---- Information

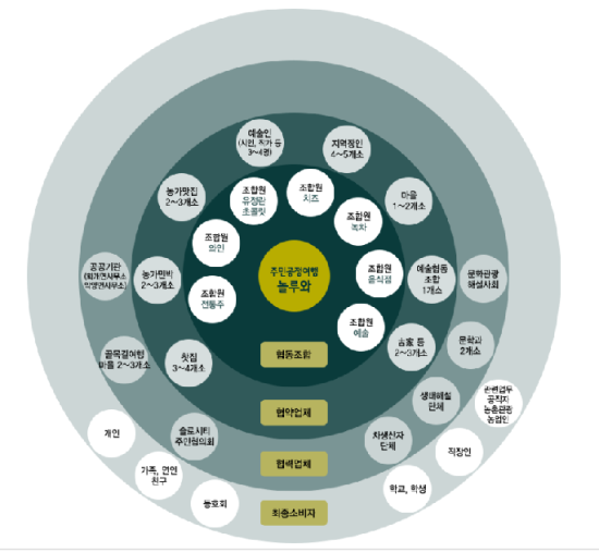 하동주민공정여행 놀루와 협동조합은 지역 자원, 지속가능성, 여행자, 지역 주민 중심을 비전으로 삼았다. ‘공정여행’ 운동은 1980년대 말 유럽을 비롯한 영미권 나라들을 중심으로 시작됐다. ‘여행은 소비가 아니라 관계다’라는 구호를 내건다. 실제 ‘놀루와’는 다른 협동조합이나 마을업체와 협약해 긴밀한 지역사회 연결망을 구축하고 있다.
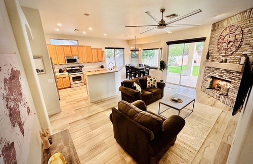 We had an amazing weekend in Tempe! The house was easy to find in a quiet, peaceful neighborhood about 25 minutes to the AZ airport. The hosts thought of everything—charging cords by the bed, bottled water on the nightstands, hair dryers, full size shower products, and a fully stocked kitchen with spices, oil, and more than enough coffee for our stay. The beds were super comfortable, linens were crisp and clean, there were plenty of towels and even extra toilet paper. The backyard was the real highlight—absolutely stunning! The pool was sparkling and inviting, the hot tub was perfect, and the outdoor space had a grill, sun chairs, couch, pool floats, and even a fireplace (though we didn’t use it). Everything was clean, cozy, and set up for total relaxation. We had a wonderful time and felt right at home. 10/10 recommend and would absolutely stay again. Do yourself a favor and book this house—you won’t regret it!” – Stacy, 2025
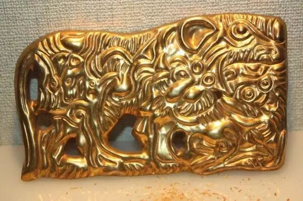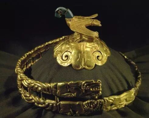 ▲ 内蒙古杭锦旗阿鲁柴登匈奴墓出土的战国时期匈奴金冠,冠顶底座半球形,顶心立一金鹰,绿松石雕成鹰首,上嵌黄金双目。头和尾部是金丝穿缀,可灵活摆动。半球座上的纹饰为四只大角卷曲的羊在四只饿狼噬咬下挣扎。冠带两层箍体上装饰着老虎、大角羊、马等极具草原文化的粗旷图案。
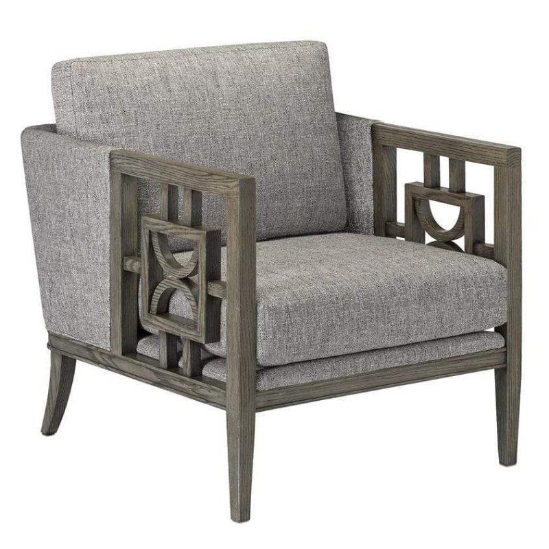 Director of furniture Aimee Kurzner says of the Royce Silver Gray Chair, “I really love this exposed wood front with solid wood fretwork.” The gray chair has loose seat and back cushions, and a fully upholstered seat deck. The chair is made of solid oak with our Winter Gray finish, which has tremendous character to it. The Royce, which is upholstered in F0236 Swagger Silver fabric, also comes in muslin.
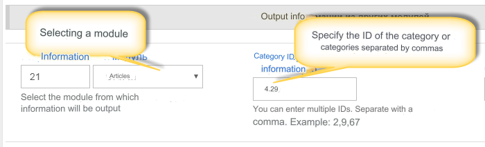IDs of categories from which to display information - indicate the ID of the category of the selected module.
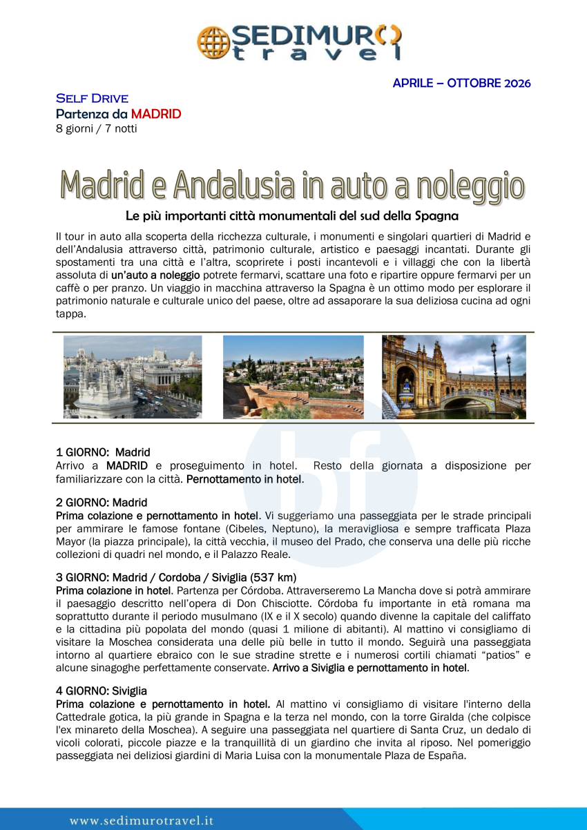 Madrid e Andalusia in auto a noleggio da Madrid 8 giorni
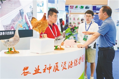 4月3日,在2023中国种子大会种业成果展示会上,参展双方正在沟通交流。本版图片均由本报记者 王程龙 摄
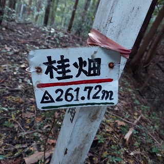 さらに下って送ると、左写真の辺りに4等三角点 点名「桂畑」があるはずだ。 |
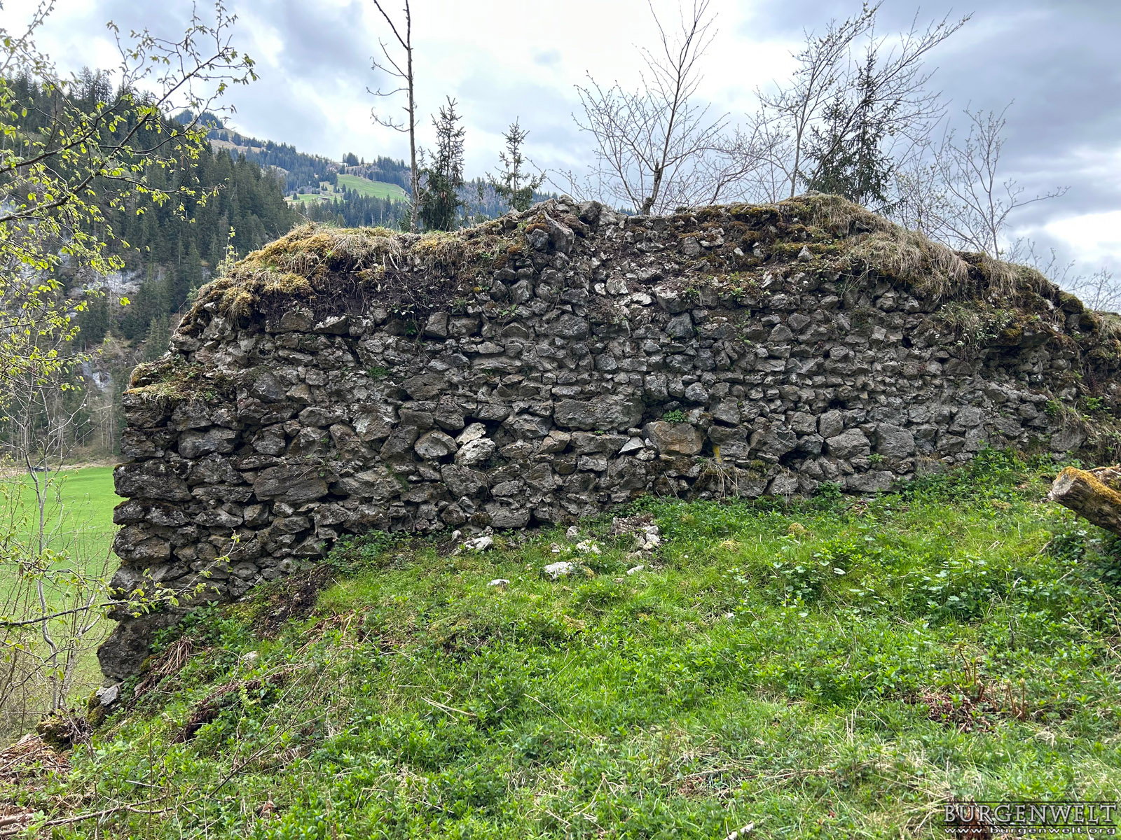| Spärliche, überwachsene Mauerreste auf dem höchsten Punkt des Mannenbergs. Die einst sehr weitläufige Anlage bildete zusammen mit der unteren Burg bis zu ihrer Zerstörung 1349 das Herrschaftszentrum des Obersimmentals. | |||||||||||||||||||||||||||||||
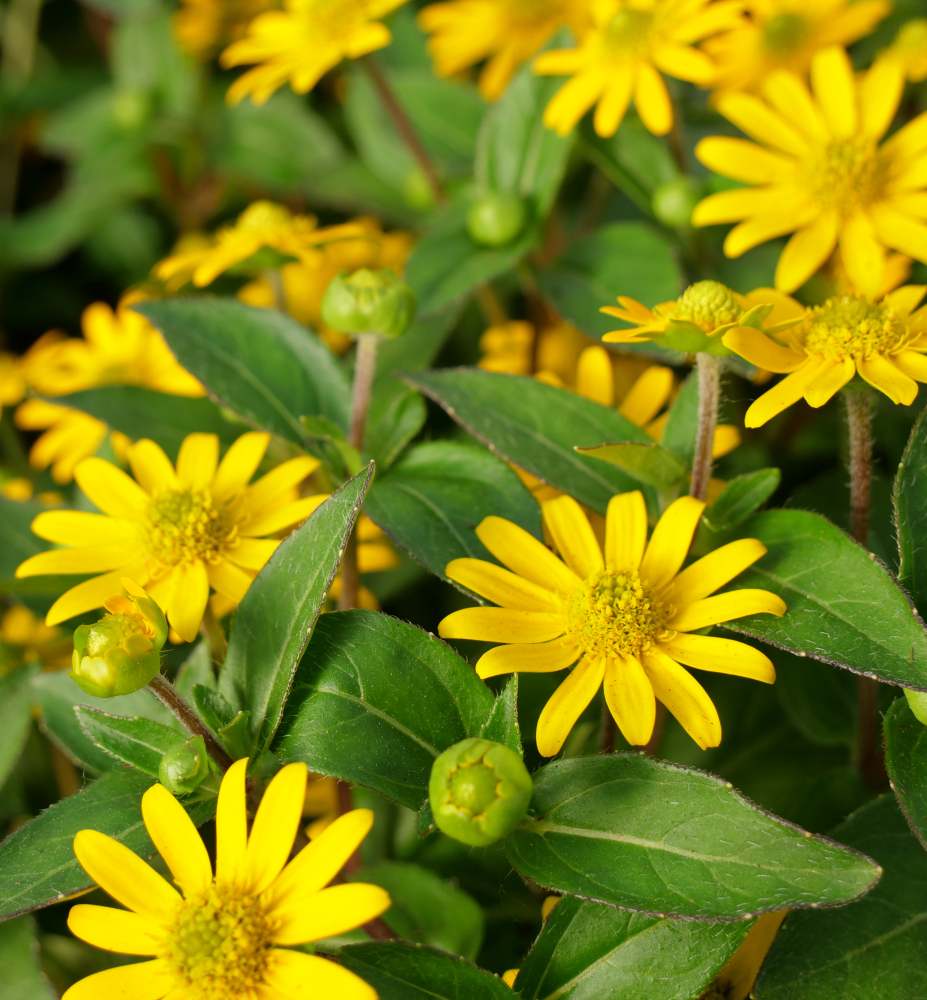 Bohato kvitnúca letnička s množstvom žiarivo žltých kvetov.

--------

| Your instructions |
Look above for the line with "Madrid e Andalusia" and the line with "Obersimmentals. | |||||||||||||||||||||||||||||||", then copy exactly the lines from the first through the second, both kept, with no pictures.

| Completed task |
 Madrid e Andalusia in auto a noleggio da Madrid 8 giorni
 4月3日,在2023中国种子大会种业成果展示会上,参展双方正在沟通交流。本版图片均由本报记者 王程龙 摄
 さらに下って送ると、左写真の辺りに4等三角点 点名「桂畑」があるはずだ。 |
| Spärliche, überwachsene Mauerreste auf dem höchsten Punkt des Mannenbergs. Die einst sehr weitläufige Anlage bildete zusammen mit der unteren Burg bis zu ihrer Zerstörung 1349 das Herrschaftszentrum des Obersimmentals. | |||||||||||||||||||||||||||||||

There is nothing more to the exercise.